Sebelum menjawab pertanyaan-pertanyaan tersebut, dr
Andi mendahului dengan pemahaman bahwa anak yang diare rawan dehidrasi.
Sehingga harus diberi cairan pengganti. Untuk penanganan dirumah jika masih
ASI, terus diberikan ASI. Dan jika sudah MPASI bisa ditambah menggunakan cairan
rumah tangga, misalnya kuah sup, air putih, teh, dan lainnya.
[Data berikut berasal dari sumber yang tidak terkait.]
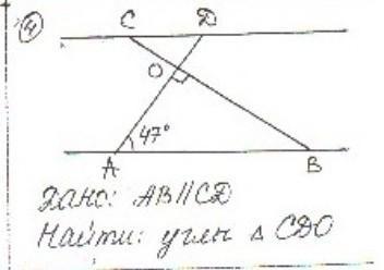 <СОД=90°, вертикальные углы. <СДО=47° внутренние накрест лежащие углы. <ДСО=90°-47°=43°
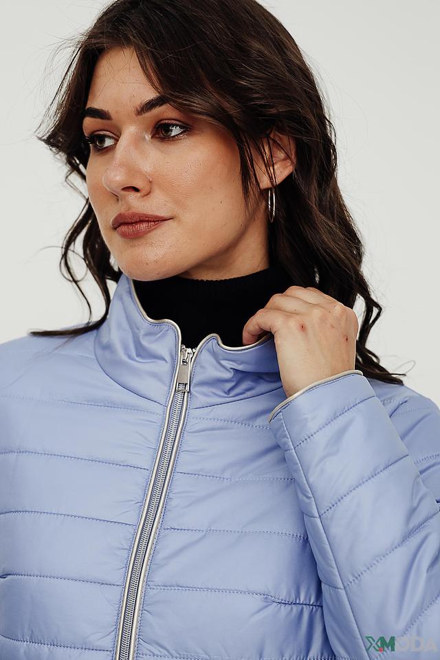 Модель имеет стеганую фактуру, которая придает ей современный вид. Застежка – молния, расположенная по центру, а также две дополнительные молнии на карманах. Высокий воротник-стойка защищает от ветра.
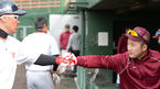[OSEN=오키나와, 이대선 기자] 29일 일본 오키나와 고친다구장에서 한화 이글스와 넥센 히어로즈의 연습경기가 열렸다.경기에 앞서 한화 송신영이 넥센 코치진과 인사를 하고 있다.한화는 지난 27일 킨구장에서 열린 KIA와의 연습
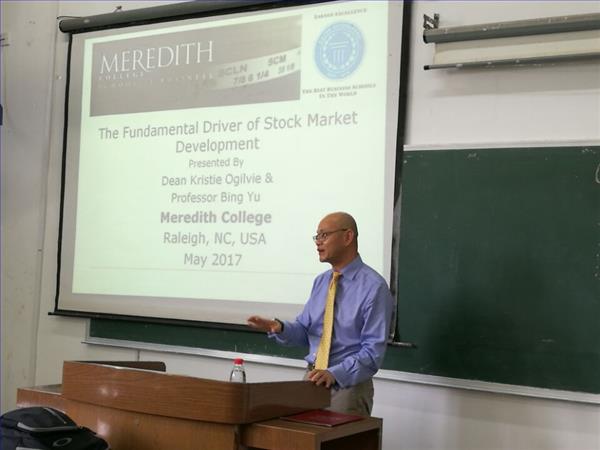 学生举办了一场精彩的英文讲座——“股票市场发展的终极动力”。
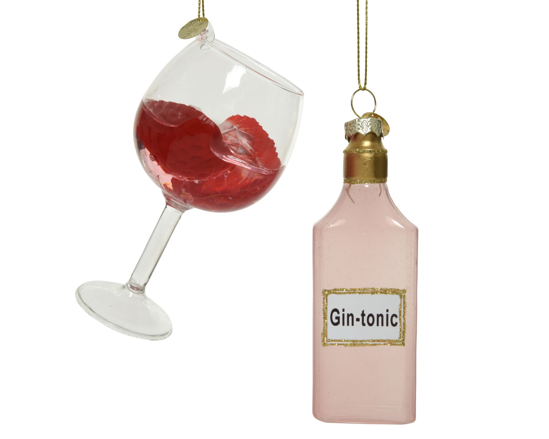 Boomhanger Glas Gin-Tonicfles met Glas Roze set 2 stuks
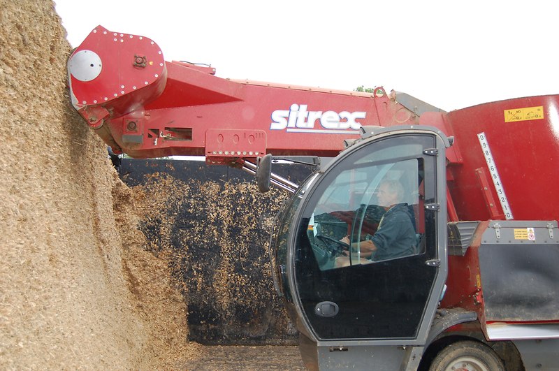 Damit das SHREDLAGE® Verfahren gut gelingt, sollte man ein besonderes Augenmerk auf das Silomanagement legen, so Eike Holfeld. Um bei der Entnahme einen Vorschub von mindestens 2,0 m sicherzustellen, hat er zunächst ausgerechnet, wie breit das Betonplattensilo angelegt werden durfte. Bei der Silobefüllung kam dann neben einem gut ballastierten 300 PSTraktor mit Planierschild zusätzlich ein 140 PS Schlepper mit einer Eisenbahnräder-Silowalze zum Einsatz. Im Ergebnis war die Verdichtung des Silagestocks absolut in Ordnung. So ist das Gesamtfazit von Eike Holfeld sehr positiv: „Wir sparen die Strohkosten und den Aufwand des Strohhandling. Das Risiko, dass die Kühe nach dem Kalben in ein größeres Energieloch fallen, ist geringer geworden. Das sind doch gute Gründe, um weiter SHREDLAGE® zu füttern.“
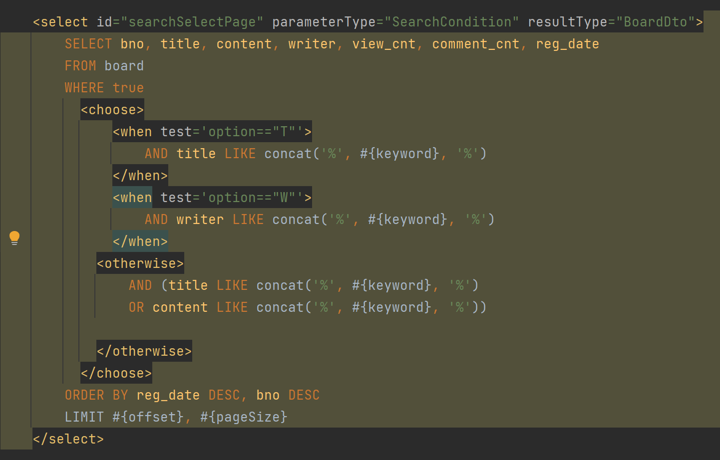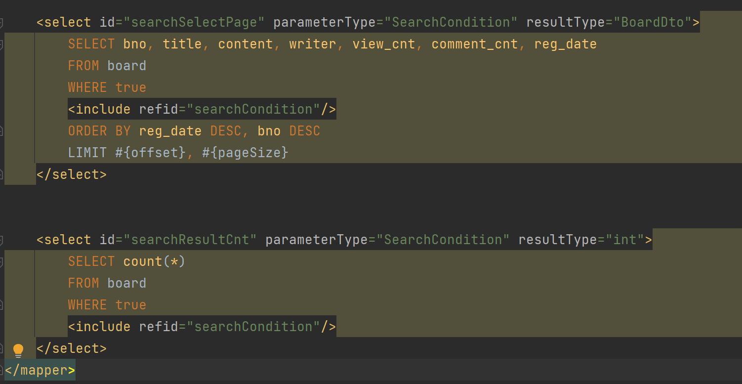 - boardMapper에서 쿼리 작성 - 동적 sql로 만들음<choose>
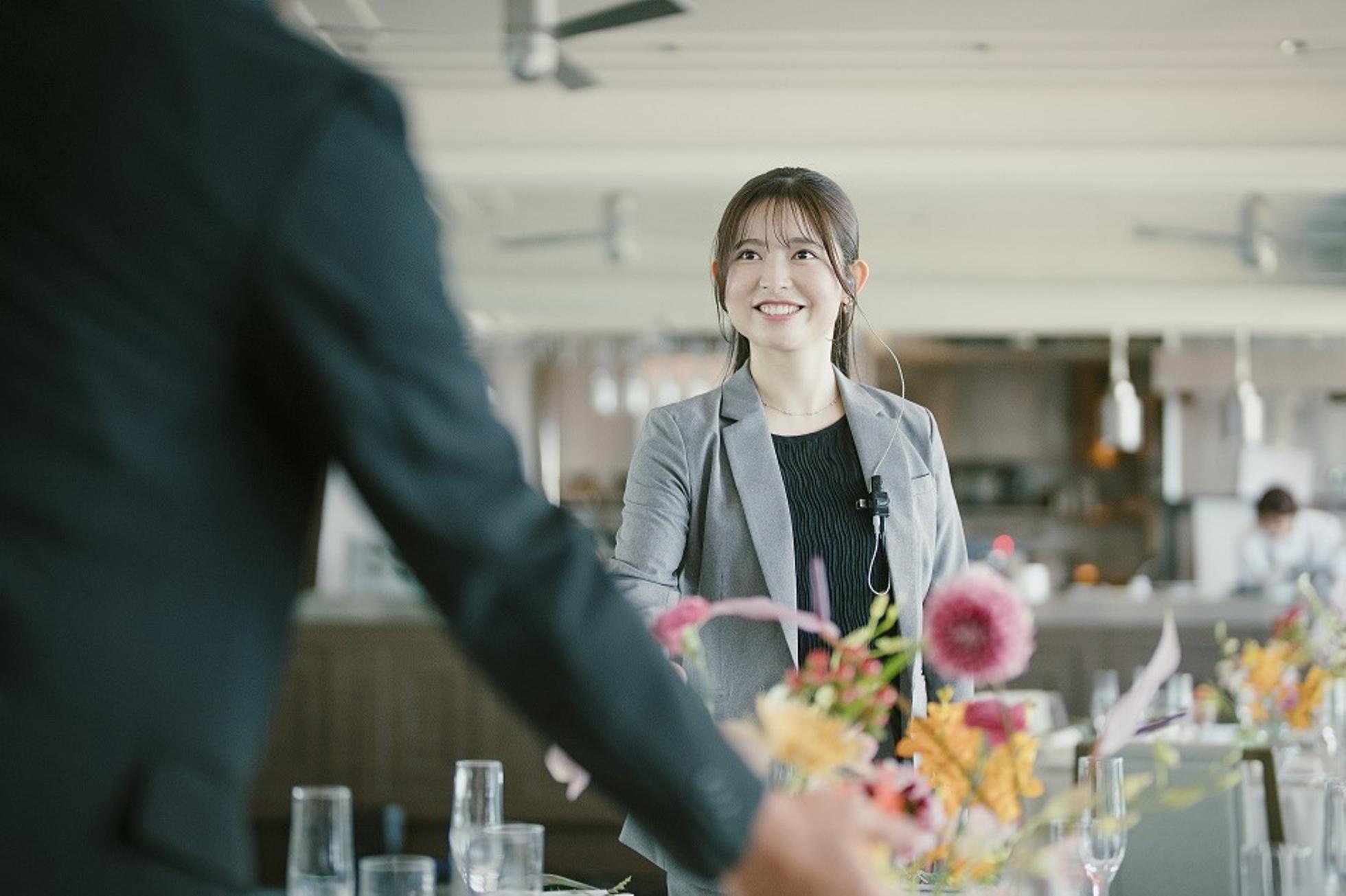 人生の節目であるご結婚式披露宴に携わることができるウエディングプランナー。どうしたら感動が生まれるのか新郎新婦様と一緒に考えながら当日を迎えていきます。毎日顔を合わせるような方々へも昨日とは違った一言を伝えれるような時間に。1人1人の「いい時間」を過ごしていただきたいです。

Minuman apa aja
boleh. Bahkan di Amerika jika dirumah ada Coca Cola, ya itu bisa diberikan. Tapi
dr Andi menggaris bawahi bahwa cairan tersebut fungisnya menghindari dehidrasi.
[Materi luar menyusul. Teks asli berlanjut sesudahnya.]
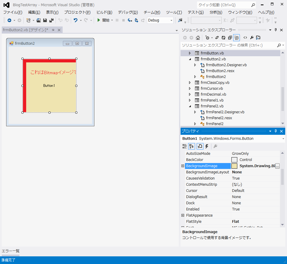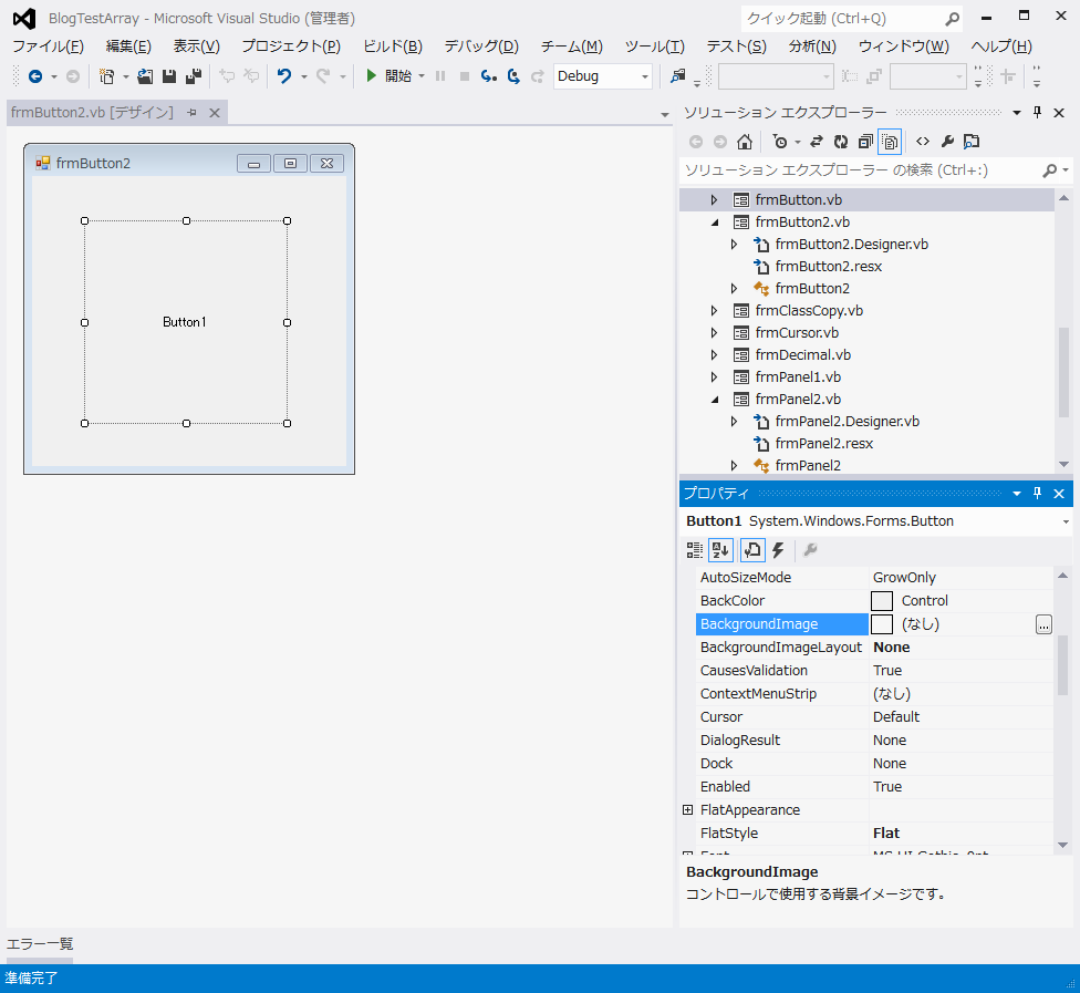そのボタンの BackgroundImage プロパティに画像が設定されたことが分かります。 ここで FlatStyle プロパティを Flat に設定します。 そうしますと左側のデザイン画面にも画像が表示されます。
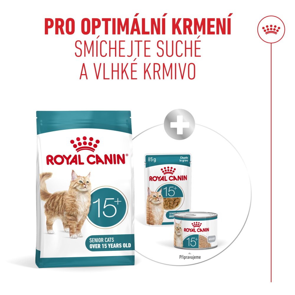 Když kočky dosáhnou věku 15 let a více, jejich zdravotní a životní potřeby se dále vyvíjejí, což vyžaduje specializovaný přístup ke každodenní výživě. Rozpoznání a přizpůsobení se těmto změnám je nezbytné pro podporu zdraví v jejich zlatém věku. ROYAL CANIN® Ageing 15+ je suché granulované krmivo vhodné pro kočky starší 15 let. Toto složení nabízí přesně vyváženou směs živin, které pomáhají přizpůsobit se pokročilému věku vaší kočky. Krmivo ROYAL CANIN® Ageing 15+, které bylo navrženo pro starší kočky, obsahuje snadno stravitelné granule, které vaší kočce poskytnou příjemný zážitek z jídla. Toto složení také obsahuje zvýšené chutné látky pro vylepšenou chuť a čich. Toto složení s naším HealthyAge7™ Advanced Complex poskytuje přesnou nutriční směs navrženou tak, aby pomohla udržet sedm klíčových aspektů zdraví a vitality u koček starších 15 let.
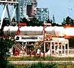 Hancock County - August 18, 1999 - The first successful long-duration test of a new, 250,000-pound thrust hybrid rocket motor was conducted at NASA's Stennis Space Center in south Mississippi August 13. The motor, which represents a new way of doing business for NASA, was designed and constructed by members of the Hybrid Propulsion Demonstration Program consortium. Companies involved in the consortium are: Lockheed Martin Astronautics, Boeing Rocketdyne, Lockheed Martin Michoud Space Systems, Thiokol Corporation and United Technologies Chemical Systems Division. The motor resembles the solid rocket boosters used on the Space Shuttle. This particular hybrid motor featured new technologies including a revolutionary new head-end combustion approach and ignition system designed by Lockheed Martin Michoud Space Systems in New Orleans. It is 70 inches in diameter, about 45 feet long, and weighs 125,000 pounds. The motor uses a solid fuel that is mixed and then poured into the casing of the motor and allowed to set and turn into a rubbery, semisolid form - similar to how gelatin is mixed, poured and allowed to set until it becomes almost solid. To ignite the motor and continue the process of ignition during its flight, an oxidizer must be injected into the core of the motor. The oxidizer must continually be fed into the motor as long as the motor is required to function. When the flow of oxidizer stops, the motor shuts down. The hybrid rocket motor being tested at Stennis is also environmentally safe. According to the NASA Environmental Office at Stennis, an environmental assessment was conducted that reviewed the possible impacts of testing the 250,000-pound thrust motor at Stennis Space Center. "The environmental impacts identified in the environmental assessment are rocket motor combustion air emissions and short-term noise," said NASA's Jennette Gordon, an environmental specialist at Stennis. "Short-term noise only impacts activities close to the test stand and, due to our buffer zone, does not impact local communities." The test, which was conducted on the center's E-1 test facility, ran for 15 seconds. At this time, test data indicates that the motor performance was extremely stable throughout the test, and everything went according to plan. "This long-duration test of the 250k hybrid rocket motor was an outstanding success," said NASA's Robert Bruce, project manager of the Hybrid Propulsion Demonstration Program at Stennis Space Center. "We're very happy to see our customer (the consortium) experience such great success, since they've been working on this program for so many years. The Stennis test team did an outstanding job." This was the second of several tests that will be performed on two separate Hybrid Propulsion Demonstration Program hybrid motors. The tests will demonstrate two different methods of ignition, as well as different methods of injecting the oxidizer.
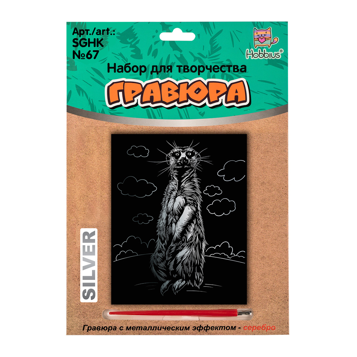 Hobbius SGHK Набор для творчества Гравюра 20 x 25.5 см №67 Сурикат (серебро) Фото 1.

Yang lebih bagus menurut beliau adalah cairan yang mengandung elektrolit. Yang
ini didapat dari oralit. Oralit mengandung natrium dan klorida yang berguna mengembalika
cairan tubuh yang hilang, dan elektrolit di dalam oralit sudah diperhitungkan
kandungannya. Malah cairan gula dan garam sudah tidak diromendaksikan Kemenkes,
karena banyak yang salah kaprah mengenai takaran penyajiannya. Harusnya 1
sendok teh gula dengan sedikit (sepucuk sendok teh) garam. Namun dilapangan
banyak yang membuat 1 : 1.
Selain itu saat anak diare, nutrisi harus tetap ada.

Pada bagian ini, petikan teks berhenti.